=== Information provided ===
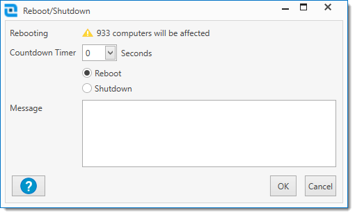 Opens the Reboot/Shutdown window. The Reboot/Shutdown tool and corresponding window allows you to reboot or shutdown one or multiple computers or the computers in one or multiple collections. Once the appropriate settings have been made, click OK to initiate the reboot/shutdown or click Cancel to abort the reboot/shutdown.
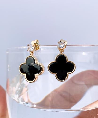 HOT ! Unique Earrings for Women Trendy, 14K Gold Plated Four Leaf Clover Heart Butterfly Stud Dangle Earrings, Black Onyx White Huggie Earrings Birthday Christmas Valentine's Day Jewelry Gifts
===
=== Information provided ===
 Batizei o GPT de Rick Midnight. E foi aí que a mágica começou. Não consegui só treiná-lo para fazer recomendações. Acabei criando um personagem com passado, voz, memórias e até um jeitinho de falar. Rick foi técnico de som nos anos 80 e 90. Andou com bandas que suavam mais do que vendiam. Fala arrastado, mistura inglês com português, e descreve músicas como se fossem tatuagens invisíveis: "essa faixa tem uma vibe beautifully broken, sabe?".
===
=== Information provided ===
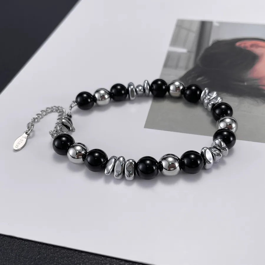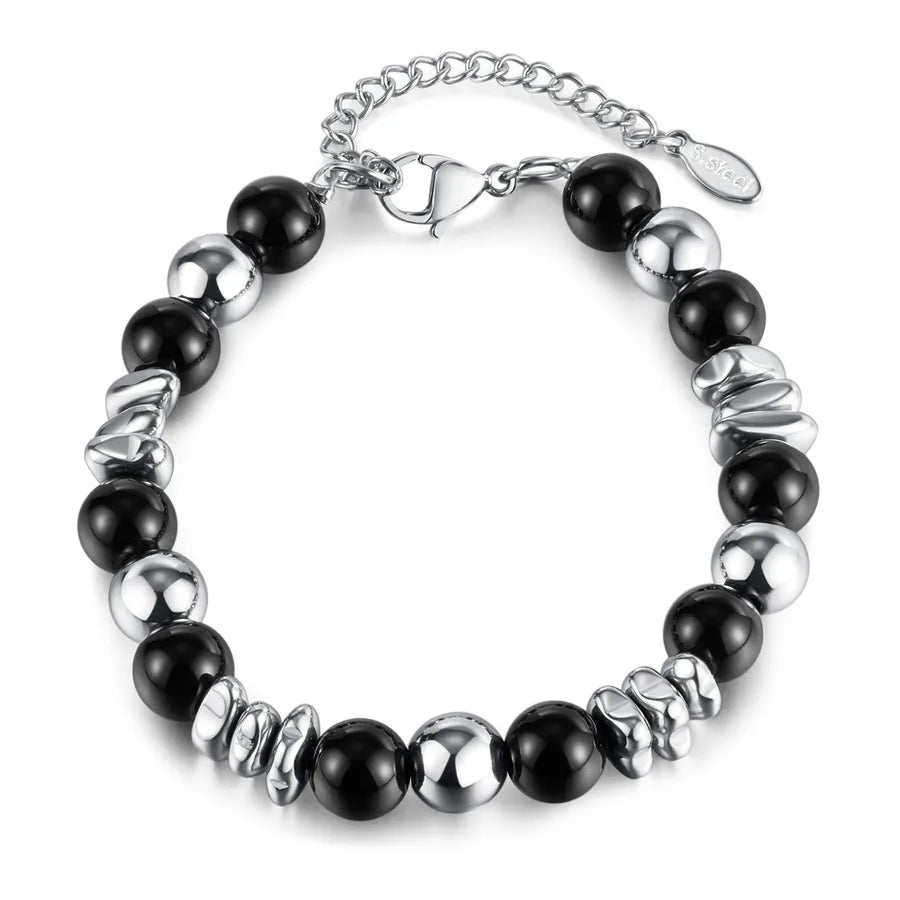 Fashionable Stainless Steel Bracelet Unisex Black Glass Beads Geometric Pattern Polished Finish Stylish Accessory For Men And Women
===
Assignment → Go back to the listing above and reproduce, exactly, the stretch from the line bearing "Opens the Reboot/Shutdown" through the line bearing "HOT ! Unique", without its pictures.

The answer →
 Opens the Reboot/Shutdown window. The Reboot/Shutdown tool and corresponding window allows you to reboot or shutdown one or multiple computers or the computers in one or multiple collections. Once the appropriate settings have been made, click OK to initiate the reboot/shutdown or click Cancel to abort the reboot/shutdown.
 HOT ! Unique Earrings for Women Trendy, 14K Gold Plated Four Leaf Clover Heart Butterfly Stud Dangle Earrings, Black Onyx White Huggie Earrings Birthday Christmas Valentine's Day Jewelry Gifts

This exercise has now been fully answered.